When you copy the material below, keep every line exact and omit the pictures.
BEGIN
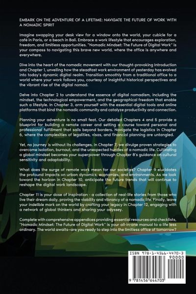 Embark on the Adventure of A Lifetime: Navigate the Future of Work with a Nomadic Spirit Imagine swapping your desk view for a window onto the world, your cubicle for a café in Paris, or a beach in Bali. Embrace a work lifestyle that encourages exploration, freedom, and limitless opportunities. "Nomadic Mindset: The Future of Digital Work" is your compass to navigating this brave new world, where the office is anywhere and everywhere. Dive into the heart of the nomadic movement with our thought-provoking Introduction and Chapter 1, unveiling how the steadfast work environment of yesterday has evolved into today's dynamic digital realm. Transition smoothly from a traditional office to a world where your work follows you, courtesy of insightful historical perspectives and the vibrant rise of the digital nomad. Delve into Chapter 2 to understand the essence of digital nomadism, including the mindset, the technological empowerment, and the geographical freedom that enable such a lifestyle. In Chapter 3, arm yourself with the essential digital tools and online platforms that bind the nomadic community and catalyze productivity and connection. Planning your adventure is no small feat. Our detailed Chapters 4 and 5 provide a blueprint for building a remote career and setting a course toward personal and professional fulfillment that sails beyond borders. Navigate the logistics in Chapter 6, where the complexities of legalities, visas, and financial planning are untangled. Yet, no journey is without its challenges. In Chapter 7, we divulge proven strategies to overcome isolation, burnout, and the unexpected hurdles of a nomadic life. Cultivating a global mindset becomes your superpower through Chapter 8's guidance on cultural sensitivity and adaptability. What does the surge of remote work mean for our societies? Chapter 9 elucidates the profound impacts on urban dynamics, economies, and environments. As we look toward the horizon in Chapter 10, anticipate the future trends that will continue to reshape the digital work landscape. Chapter 11 is your dose of inspiration - a collection of real-life stories from those who live their dream daily, proving the viability and vibrancy of a nomadic life. Finally, leave your indelible mark on the world by crafting your legacy in Chapter 12, engaging with a network of global thinkers and sharing your odyssey. Complete with comprehensive appendices providing essential resources and checklists, "Nomadic Mindset: The Future of Digital Work" is your all-in-one manual to a life less ordinary. The world awaits-are you ready to step into the limitless office of tomorrow?
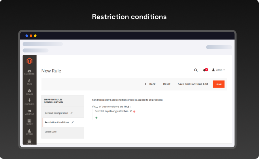 - Provide the name of a restriction rule that will be displayed in the admin area. It will be visible on the grid.
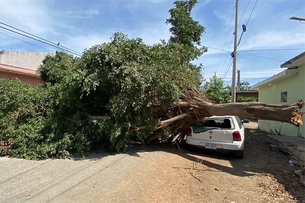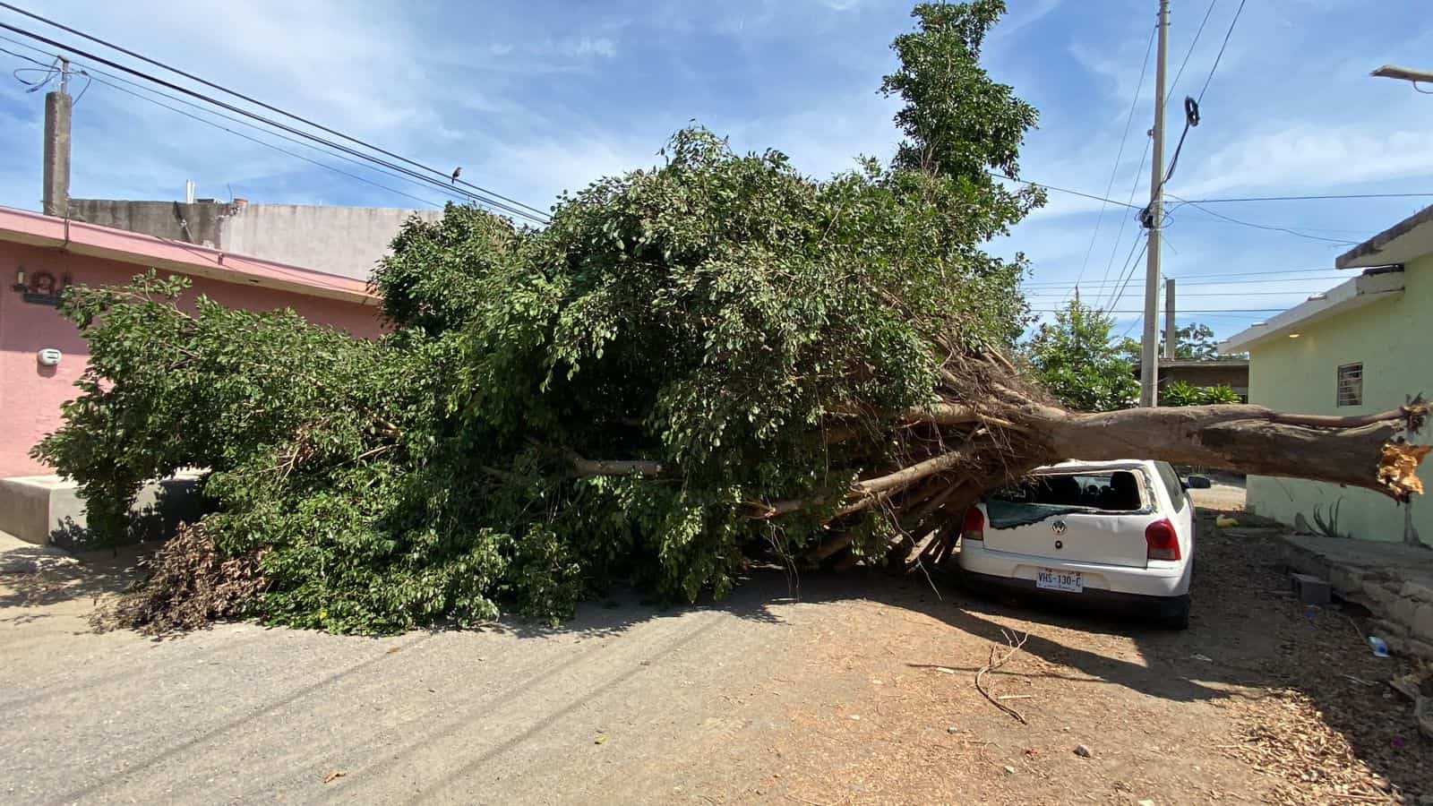 Un árbol viejo y de al menos 12 metros de altura se venció tras las lluvias de esta mañana y cayó sobre un automóvil que estaba estacionado en la colonia Valles del Ejido, en Mazatlán.
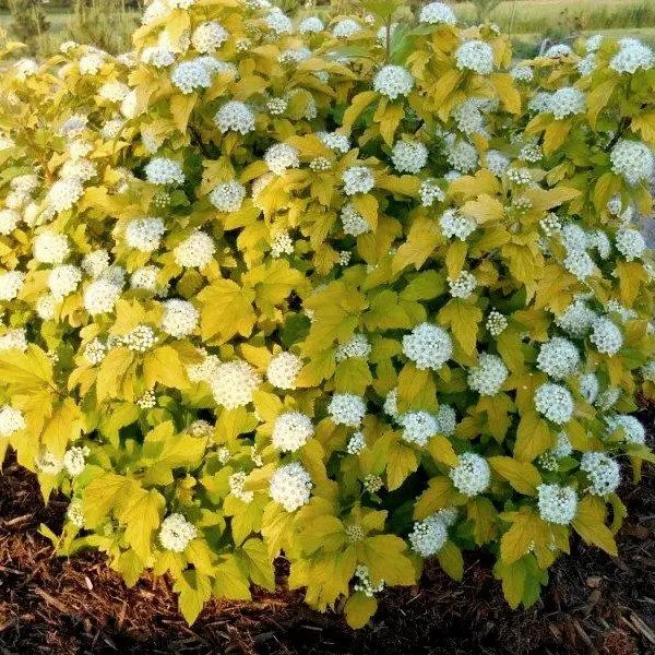 Весной листва имеет желто-оранжевую окраску, летом – желто-зеленую, осенью приобретает золотистый оттенок. В начале июня покрывается многочисленными белыми, собранными в щитки цветочками, которые украшают куст почти месяц, превращаясь в красноватые плоды. Меняющаяся окраска листьев, цветки и плоды придают этому сорту неповторимости в период вегетации.
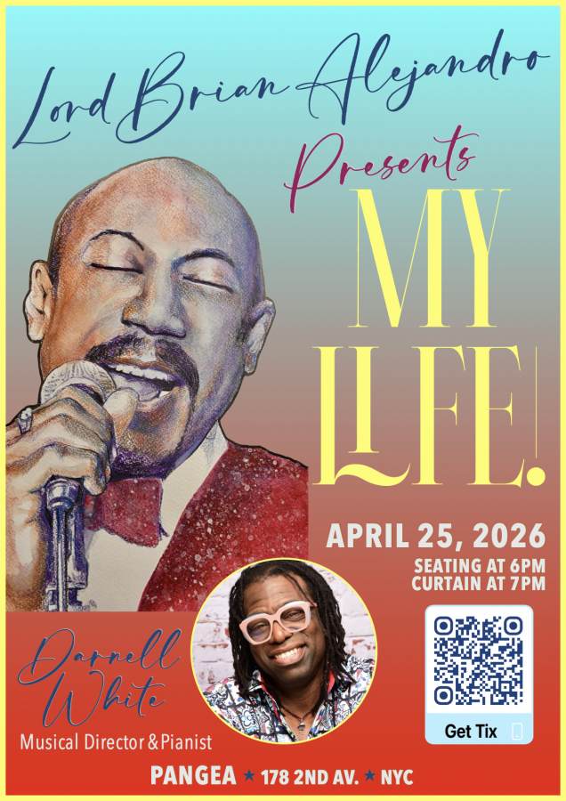 “Lord Brian is a master of the stage—witty, clever, and profoundly soulful,” says collaborator Darnell White. “With the masterful arrangements of Darnell White at the keys, ‘My Life!’ is primed to keep the audience on the edge of their seats, moving from jazz standards to personal anthems with the grace only a lifelong performer can command,” chimes press agent, Jay Michaels.
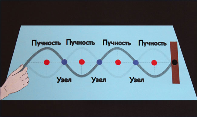 Итак, мы познакомились с простейшей иллюстрацией стоячих волн. Теперь давайте разберем стоячие волны с точки зрения физики.
END
WRITTEN ANSWER:
 Embark on the Adventure of A Lifetime: Navigate the Future of Work with a Nomadic Spirit Imagine swapping your desk view for a window onto the world, your cubicle for a café in Paris, or a beach in Bali. Embrace a work lifestyle that encourages exploration, freedom, and limitless opportunities. "Nomadic Mindset: The Future of Digital Work" is your compass to navigating this brave new world, where the office is anywhere and everywhere. Dive into the heart of the nomadic movement with our thought-provoking Introduction and Chapter 1, unveiling how the steadfast work environment of yesterday has evolved into today's dynamic digital realm. Transition smoothly from a traditional office to a world where your work follows you, courtesy of insightful historical perspectives and the vibrant rise of the digital nomad. Delve into Chapter 2 to understand the essence of digital nomadism, including the mindset, the technological empowerment, and the geographical freedom that enable such a lifestyle. In Chapter 3, arm yourself with the essential digital tools and online platforms that bind the nomadic community and catalyze productivity and connection. Planning your adventure is no small feat. Our detailed Chapters 4 and 5 provide a blueprint for building a remote career and setting a course toward personal and professional fulfillment that sails beyond borders. Navigate the logistics in Chapter 6, where the complexities of legalities, visas, and financial planning are untangled. Yet, no journey is without its challenges. In Chapter 7, we divulge proven strategies to overcome isolation, burnout, and the unexpected hurdles of a nomadic life. Cultivating a global mindset becomes your superpower through Chapter 8's guidance on cultural sensitivity and adaptability. What does the surge of remote work mean for our societies? Chapter 9 elucidates the profound impacts on urban dynamics, economies, and environments. As we look toward the horizon in Chapter 10, anticipate the future trends that will continue to reshape the digital work landscape. Chapter 11 is your dose of inspiration - a collection of real-life stories from those who live their dream daily, proving the viability and vibrancy of a nomadic life. Finally, leave your indelible mark on the world by crafting your legacy in Chapter 12, engaging with a network of global thinkers and sharing your odyssey. Complete with comprehensive appendices providing essential resources and checklists, "Nomadic Mindset: The Future of Digital Work" is your all-in-one manual to a life less ordinary. The world awaits-are you ready to step into the limitless office of tomorrow?
 - Provide the name of a restriction rule that will be displayed in the admin area. It will be visible on the grid.
 Un árbol viejo y de al menos 12 metros de altura se venció tras las lluvias de esta mañana y cayó sobre un automóvil que estaba estacionado en la colonia Valles del Ejido, en Mazatlán.
 Весной листва имеет желто-оранжевую окраску, летом – желто-зеленую, осенью приобретает золотистый оттенок. В начале июня покрывается многочисленными белыми, собранными в щитки цветочками, которые украшают куст почти месяц, превращаясь в красноватые плоды. Меняющаяся окраска листьев, цветки и плоды придают этому сорту неповторимости в период вегетации.
 “Lord Brian is a master of the stage—witty, clever, and profoundly soulful,” says collaborator Darnell White. “With the masterful arrangements of Darnell White at the keys, ‘My Life!’ is primed to keep the audience on the edge of their seats, moving from jazz standards to personal anthems with the grace only a lifelong performer can command,” chimes press agent, Jay Michaels.
 Итак, мы познакомились с простейшей иллюстрацией стоячих волн. Теперь давайте разберем стоячие волны с точки зрения физики.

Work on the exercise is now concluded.